Caspase-3 activity was measured by a fluorogenic caspase-3 assay using Ac-DEVD-AFC (Biomol, Plymouth meeting, PA) as substrate, as described previously [28]. Briefly, HeLa cells were seeded in 24-well plate 1 day before Lipofectamine transfection of siRNA plasmids targeting SAG and ROC1, along with a control plasmid with random sequence. Thirty-six hours posttransfection, cells were treated with either etoposide (25 µM) for 24 hours or with TRAIL (50 ng/ml) for 8 hours. Cells were then lysed in a lysis buffer (1.67 mM Hepes pH 7.4, 7 mM KCl, 0.83 mM MgCl2, 0.11 mM EGTA, 0.11 mM EDTA, and 0.57% CHAPS) for 30 minutes, followed by centrifugation at 14,000 rpm for 15 minutes.

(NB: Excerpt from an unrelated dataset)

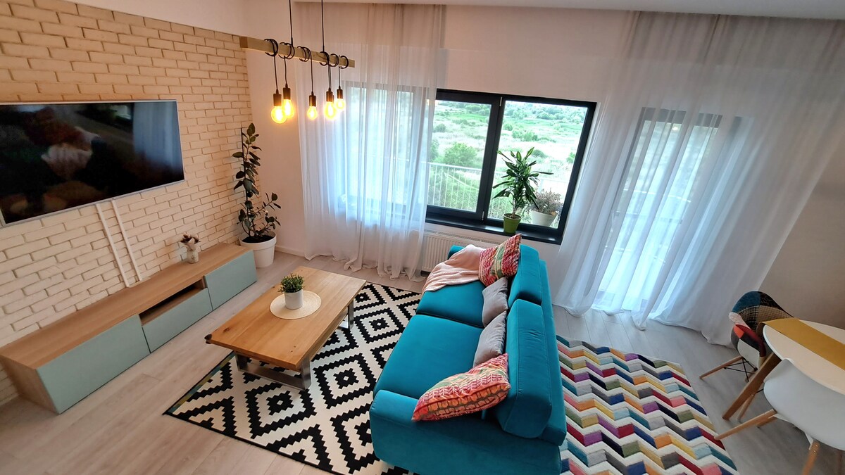 Descoperă confortul și rafinamentul acestui apartament de 2 camere, recent renovat, perfect pentru o vacanță de neuitat sau o calatorie de afaceri. Predomină nuanțele de verde smarald, creând un ambient relaxant și elegant. Apartamentul este complet mobilat și dotat cu tot necesarul pentru un sejur reusit - living cu canapea extensibilă, ideală pentru relaxare sau dormit - baie modernă cu duş, pentru clipe de răsfăț - bucătărie complet echipată, pregătită să îți satisfacă orice nevoie culinară.

Supernatants were collected and incubated with a caspase-3 activity assay buffer (120 mM Hepes pH 7.4, 630 mM sucrose, 0.25% CHAPS, 10 mM DTT, and 50 µM Ac-DEVD-AFC fluorescent substrate). The plates were read 2 hours after the addition of Ac-DEVD-AFC substrate at 400 nm (excitation) and 505 nm (emission) in a TECAN Ultra fluorescence reader (TECAN, Rancho Santa, CA).

Results

SAG or ROC1 Bound to Endogenous Pro-Caspase-3

Although it has been known that the active form of caspase-3 is ubiquitinated by XIAP E3 Ub ligase and that inactive pro-caspase-3 appears to be degraded through the ubiquitination and 26_S_ proteasome pathway [6–9], it is completely unknown which E3 Ub ligase mediates the ubiquitination of the inactive prozymogen form of caspase-3 (pro-caspase-3). In an attempt to elucidate the E3 Ub ligase-associated mechanism by which SAG protects cells from apoptosis [17,21,22,29], we sought to determine whether pro-caspase-3 (32 kDa) is a substrate of _SAG_-SCF E3 Ub ligase. We first measured whether SAG physically bound to endogenous pro-caspase-3. FLAG-tagged SAG was transiently transfected into 293 cells. Endogenous pro-caspase-3 was immunoprecipitated with goat anti-caspase-3 antibody or with goat IgG as control, followed by Western blot analysis using anti-FLAG antibody to determine whether transfected SAG was coprecipitated with endogenous pro-caspase-3. Indeed, as shown in Figure 1_A_, FLAG-tagged SAG (15 kDa) was detected in _SAG_-transfected—but not control vector-transfected—cells in immunoprecipitates by pro-caspase-3 antibody, but not by control IgG. We next determined whether the SAG family member ROC1 would also bind to endogenous pro-caspase-3. HA-tagged ROC1 was transiently transfected into 293 cells. Again, endogenous pro-caspase-3 was immunoprecipitated by anti-caspase-3 antibody or control IgG, followed by Western blot analysis using anti-HA antibody to detect ROC1, if two proteins bind together. As shown in Figure 1_B_, ROC1 can be detected in immunoprecipitates pulled down by anti-caspase-3 antibody, but not by control IgG. Expression of both SAG and ROC1 was detected by direct Western blot analysis shown at the bottom panels (Figure 1, A and B). Thus, it appears that both SAG and its family member ROC1 bound to pro-caspase-3 in vivo.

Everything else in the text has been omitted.